Come denuncia un articolo apparso mesi fa sul Guardian, le colf d’origine africana che lavorano nelle case dei ricchi omanesi sono oggetto d’un enorme sfruttamento (fin a 20 ore giornaliere di lavoro) e subiscono angherie d’ogni tipo, anche abusi sessuali.

Do Bold, un’organizzazione che lavora per assistere e rimpatriare i migranti intrappolati nel Golfo, ha redatto un voluminoso rapporto basato su 469 interviste fatte ad altrettante collaboratrici familiari.

Il quadro che emerge è agghiacciante: tutte le donne, tranne una, eran vittime di lavoro forzato ed avevan raggiunto l’Oman con l’inganno.

I recultatori avevan fatto creder loro che le avrebbero portate in un luogo dove avrebbero potuto studiare o imparare un mestiere qualificato.

Invece, una volta arrivate, son state mandate nelle case a far i lavori domestici, alla mercé dei loro padroni.

In Oman è diffusa la pratica della Kafala, che lega il lavoratore al suo datore.

Se il dipendente rompe unilateralmente il contratto o se ne va dal luogo d’impiego per sottrarsi ad eventuali abusi, è passibile d’incriminazione con conseguente arresto.

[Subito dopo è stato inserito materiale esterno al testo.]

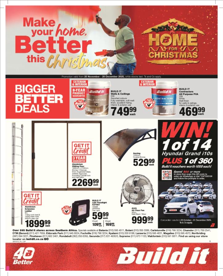 With our core values of Family, Entrepreneurship and Passion being at the heart of everything we do, the Build it group of over 390 stores across Southern Africa has been supplying quality building materials and serving our communities for more than 35 years.Each of our stores is deeply involved in the communities they serve and we believe in giving back to the communities that support us. One of the ways we do this is through initiatives such as our ongoing sponsorship of Under 13 Soccer development in Southern Africa - the youth are our future and by nurturing a healthy lifestyle through sport, we are building a better future for us all.For us at Build it, it’s become about more than just making home building simple. We’re on a mission possible – to turn “no” into “yes”, “can’t’ into “can” and our customers’ dreams into plans! That’s why we’ve adopted a spirit of positivity, a can-do attitude, a powerful essence and a culture that we live by… YES WE CAN!So when customers ask if we can provide the best service, a great range and excellent advice, our answer is always and without doubt…YES WE CAN!
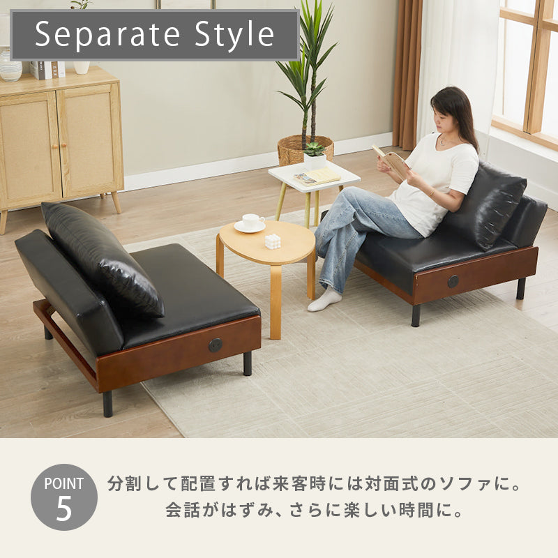 シーンに合わせて自由にレイアウトできる、便利な分割式2人掛けソファ。
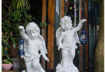 精美靈動的漢白玉提燈小天使石雕
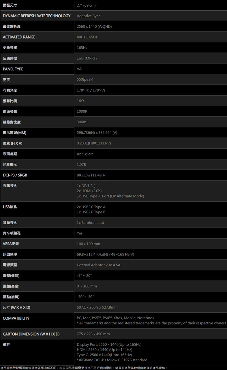 螢幕商品不便退換貨,敬請謹慎評估再購買呦
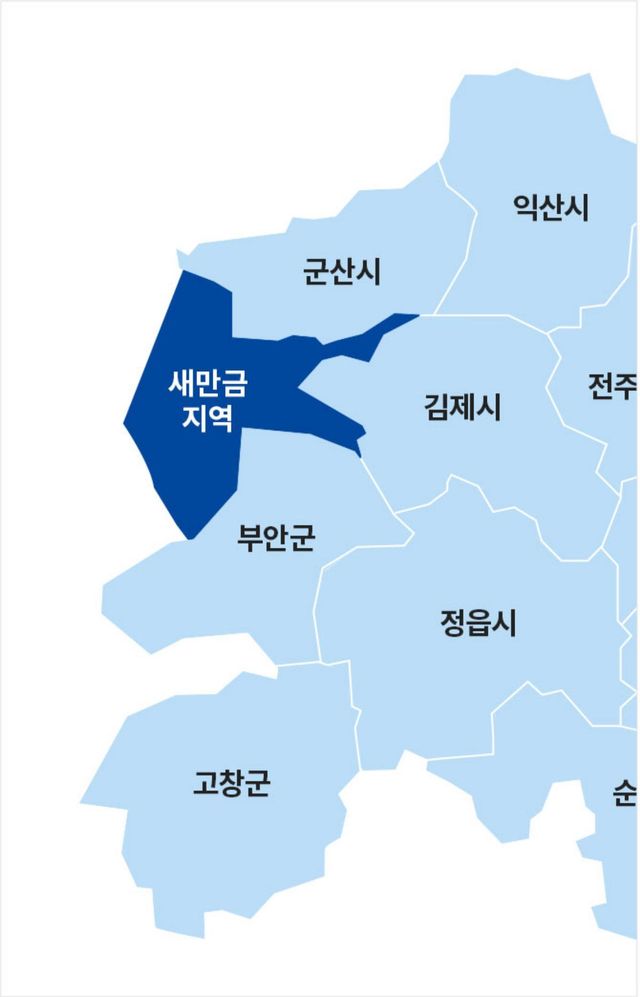 서해안 중앙부에 위치하며, 군산·김제·부안 세 지역이 사업 대상이며, 서해안 산업벨트, 관광벨트, 과학기술벨트 등이 겹치는 전략적 지역으로 평가된다.
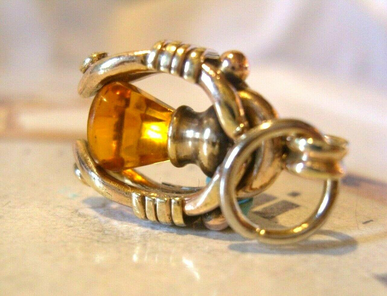Victorian Pocket Watch Chain Fob 1890s Antique 10ct Rose & Yellow Gold Filled Citrine Fob
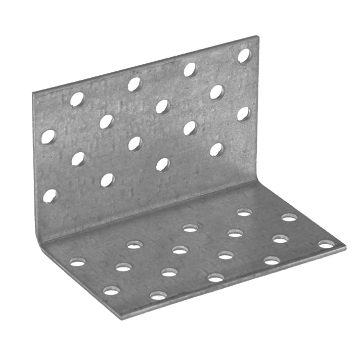 Равносторонний перфорированный уголок представляет собой стальную пластину, изогнутую под углом 90°, с отверстиями одинакового диаметра под многоточечный монтаж с помощью саморезов и гвоздей. Применяется в мебельном производстве, для соединения деревянных конструкций между собой и к основанию из дерева и металла, может использоваться для крепления балок, монтажа нагруженных несущих элементов из массивного бруса. Изготовлен из конструкционной стали с цинковым покрытием, обеспечивающим защиту от коррозии.
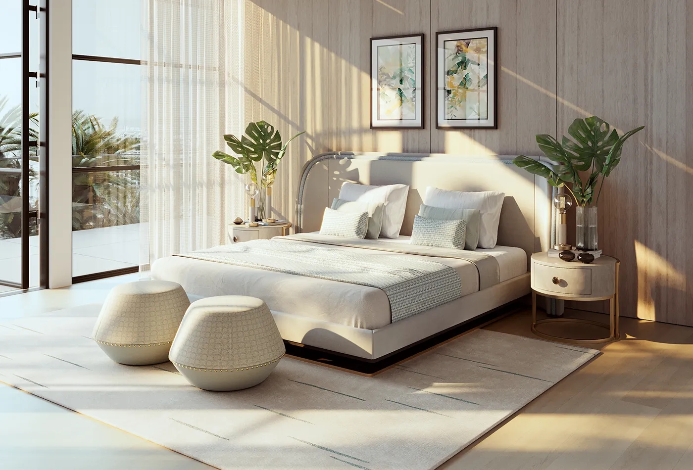 A good place to start is with your dream bed – this will set the tone for the rest of the space. For example, a modern four-poster such as our ANTIBES design will add instant wow-factor; our CALABRIA bed, with its wraparound screen, will up the cosy factor by creating the impression of a room within a room; or opt for a design with a statement headboard, such the retro scalloped design of our SAMARA bed.
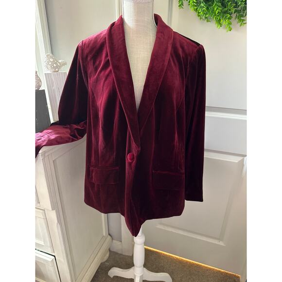 INC. Woman Burgandy Velvet Blazer Size 1X NWT Really Beautiful 33 pit to pit 38 length
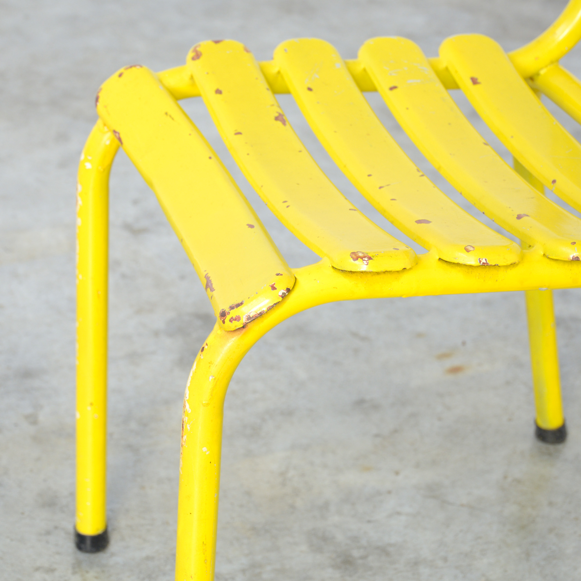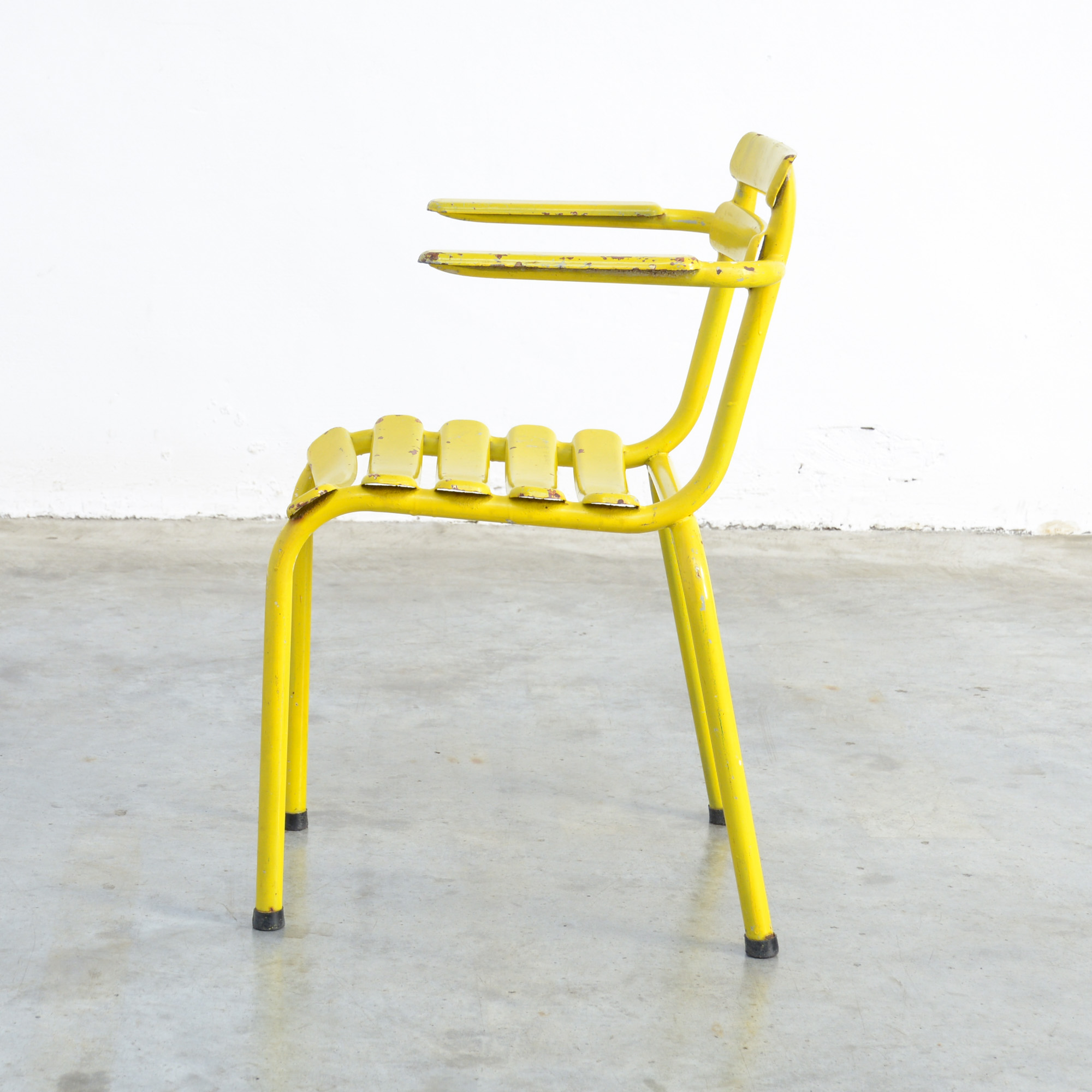 This yellow metal chair can be dated in the 1950s.
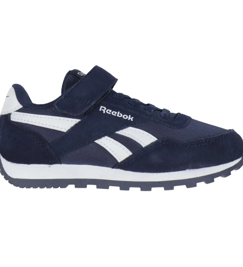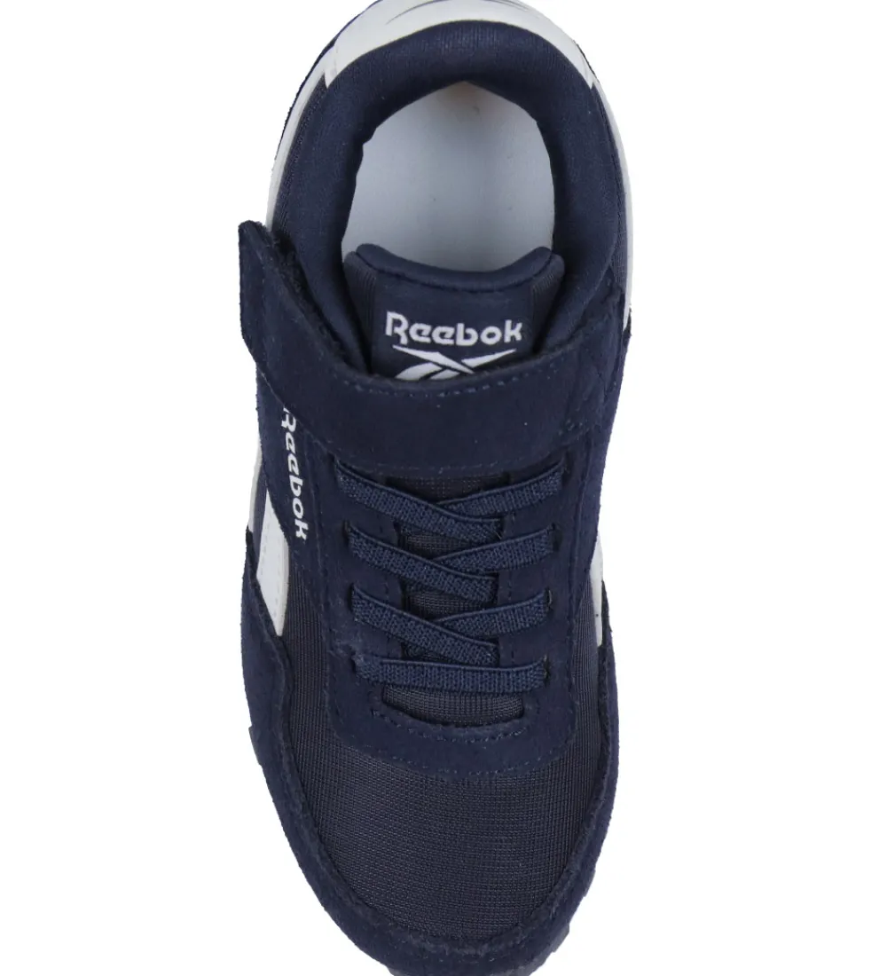 Stilfulde Reebok sko i navyblåt ruskind og tekstil med navyblå og hvide detaljer og logoer.

Adama, una collaboratrice domestica di 20 anni, sierraleonese, ad esempio, racconta che un giorno si è rivolta alla polizia per denunciare i maltrattamenti cui era sottoposta: temeva infatti per la sua sopravvivenza.

Gli agenti si son recati a casa del suo padrone, han visto i segni delle botte e delle frustate, han parlato con la famiglia, poi se ne son andati senza portarla in salvo.

I padroni allora, per punirla, l’han rinchiusa in uno stanzino, lasciandola senza cibo.